<p>Optic Pit Maculopathy: Adjunctive Treatment Using Oral Spironolactone and Topical Dorzolamide</p>

Susan Ruyu Qi, Eunice You, Melanie Hebert, Ali Dirani

Department of Ophthalmology, Hôpital du Saint-Sacrement, Centre Hospitalier Universitaire de Québec – Université Laval, Québec City, Québec, Canada

Correspondence: Ali Dirani
Centre Universitaire d’Ophtalmologie, Hôpital du Saint-Sacrement, Centre Hospitalier Universitaire de Québec - Université Laval, Québec City, Québec, Canada
Email [email protected]

Purpose: There is no consensus for the treatment of optic disc pit maculopathy (ODPM). We describe a case of ODPM refractory to vitrectomy that was successfully treated with systemic spironolactone and topical dorzolamide 2%.
Methods: Case report.
Results: A 27-year-old male was referred for decreased vision in the right eye secondary to macular edema. Fundus examination and optical coherence tomography imaging revealed an optic pit maculopathy with significant macular schisis and intraretinal fluid. After an initial observation period, we performed pars plana vitrectomy with internal limiting membrane peeling, fibrin glue, and gas endotamponade. At the 2 months postoperative follow-up, anatomic and functional outcomes remained unimproved. Oral spironolactone and topical dorzolamide 2% were, therefore, added. Significant reduction in the intraretinal fluid and macular schisis was demonstrated at the last follow-up 2 years postoperative.
Conclusion: The mechanisms underlying optic disc pit maculopathy remain controversial, and treatment guidelines are unclear. To our knowledge, this is the first description of an OPDM treated with a combination systemic mineralocorticoid receptor antagonist and topical carbonic anhydrase inhibitor as adjuvant therapy to vitrectomy with favorable outcomes. We also review the literature and propose mechanisms through which these treatment entities may act.
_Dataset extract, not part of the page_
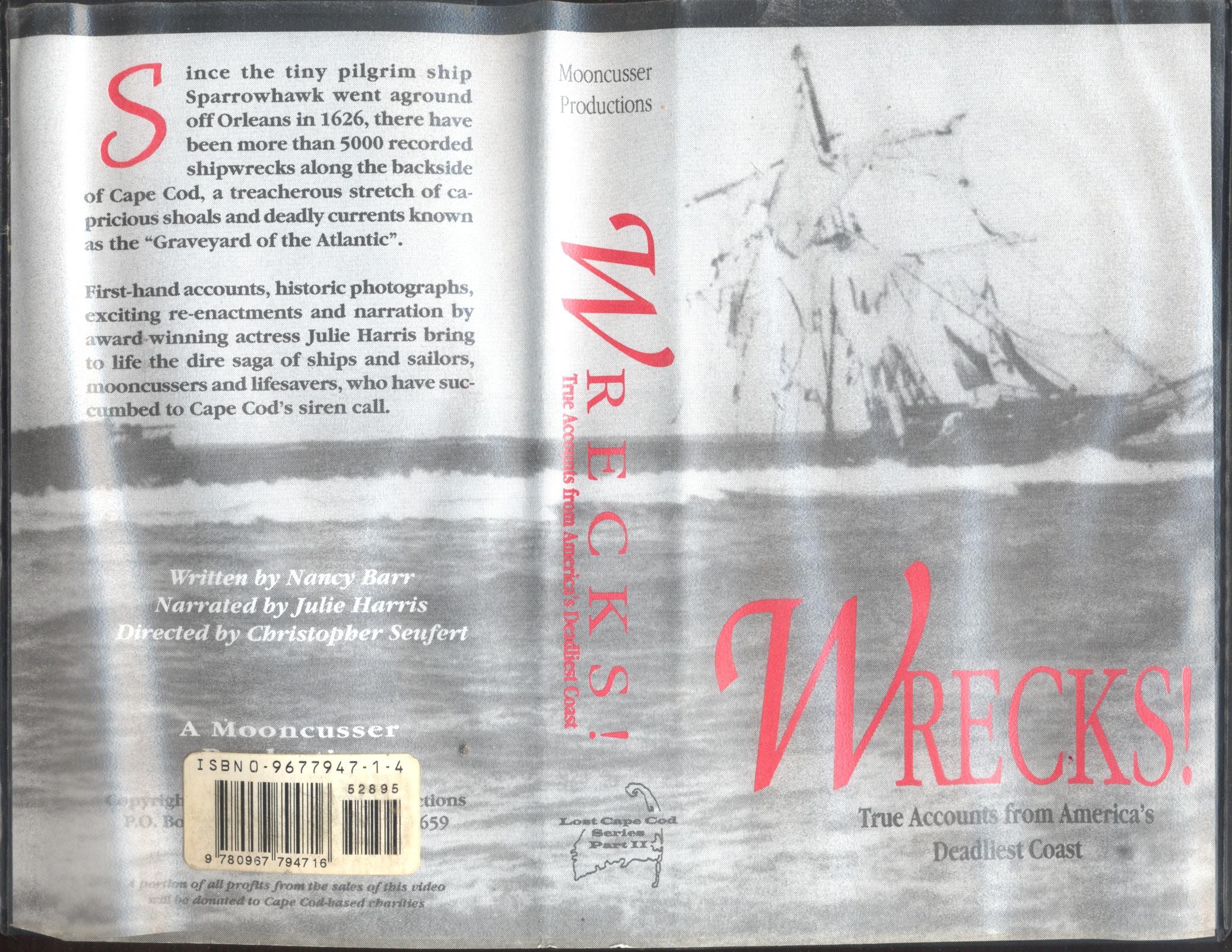 20171. (video tape) WRECKS! True Accounts from America’s Deadliest Coast. Mooncusser Productions. More than 5000 recorded shipwrecks occurred on the back side of Cape Cod. First hand accounts, historic photographs, exciting re-enactments and narration by award winning actress Julie Harris bring to life the saga of mooncussers and lifesavers on outer Cape Cod. $28.95. (sale 1/2 price)

Keywords: dorzolamide, optic disc pit maculopathy, spironolactone

Summary Statement

We report the case of a 27-year-old male with optic disc pit maculopathy associated with macular schisis and intraretinal fluid. Pars plana vitrectomy with gas tamponade, internal limiting membrane peeling, and fibrin glue was performed. Adjuvant oral spironolactone and topical dorzolamide 2% therapy resulted in anatomic and functional improvement 2 years postoperatively.

Introduction

Optic disc pit (ODP) is a rare congenital abnormality characterized by small, hypopigmented, and excavated colobomatous defects of the optic nerve head. While most OPD are asymptomatic, a subset of patients may present with serous detachment and/or retinoschisis of the central macula. This complication, referred to as optic disc pit maculopathy (ODPM), is characterized by an accumulation of subretinal or intraretinal fluid (SRF/IRF) at the macula and may result in poor visual prognosis if left untreated.^1,2

The origin of this fluid remains up for debate but is thought to originate from the vitreous or the cerebrospinal fluid (CSF). Currently, there is still no clear consensus on the most effective treatment of ODPM.¹ Pars plana vitrectomy (PPV) is widely considered to be the preferred treatment modality, and a number of other adjunctive therapies have been employed including endolaser, gas tamponade, inner limiting membrane (ILM) peeling, SRF drainage, fibrin glue, and/or autologous platelet injections.² While a quarter of cases may resolve spontaneously, surgical intervention is still the recommended approach due to high risk of recurrence and poor visual outcome.¹ In this report, we describe a case of ODPM refractory to PPV that was successfully treated with systemic spironolactone combined with a topical carbonic anhydrase inhibitor (CAI). We therefore propose spironolactone and CAI as adjuvant therapy in the treatment of ODPM and suggest possible mechanisms through which these agents may induce resorption of subretinal fluid after surgery.

Case Report

A healthy 27-year-old male was referred by his optometrist for decreased vision in the right eye secondary to macular edema. On examination, visual acuity was 20/40 in the right eye and dilated fundus examination revealed an optic pit located at the inferotemporal border of the optic nerve. Optical coherence tomography (OCT) imaging of the right eye revealed the presence of macular schisis associated with significant IRF (Figure 1). The left eye was normal. The patient was observed for 5 months with no anatomic or functional improvement to the OPDM. We therefore decided to intervene surgically. The patient underwent a PPV with ILM peeling at the macula and around the optic nerve, endolaser photocoagulation at the edge of optic pit, 25% SF₆ gas tamponade followed by injection of fibrin glue (ARTISS, Baxter International Inc: Vienna, Austria). At the 2-month postoperative follow-up, VA was measured at 20/50 and OCT remained unchanged, with unchanged IRF and macular thickening. Given the lack of improvement, we decided to place the patient on oral spironolactone 25 mg twice daily and topical dorzolamide 2% drops thrice daily. At the 10-month follow-up, OCT demonstrated a significant reduction in IRF. Oral spironolactone was pursued and at the latest follow-up 2 years post-operative, there was further improvement of the OCT as well as VA to 20/30 (Figure 2). The patient provided informed consent for the publication of their case details and any accompanying images. Institutional approval was not required to publish the case details.

Figure 1 Optical coherence tomography imaging of the patient’s right eye on initial presentation, demonstrating (A) an inferotemporal optic nerve pit with retinoschisis, intraretinal fluid, subretinal fluid, and (B) significant macular schisis.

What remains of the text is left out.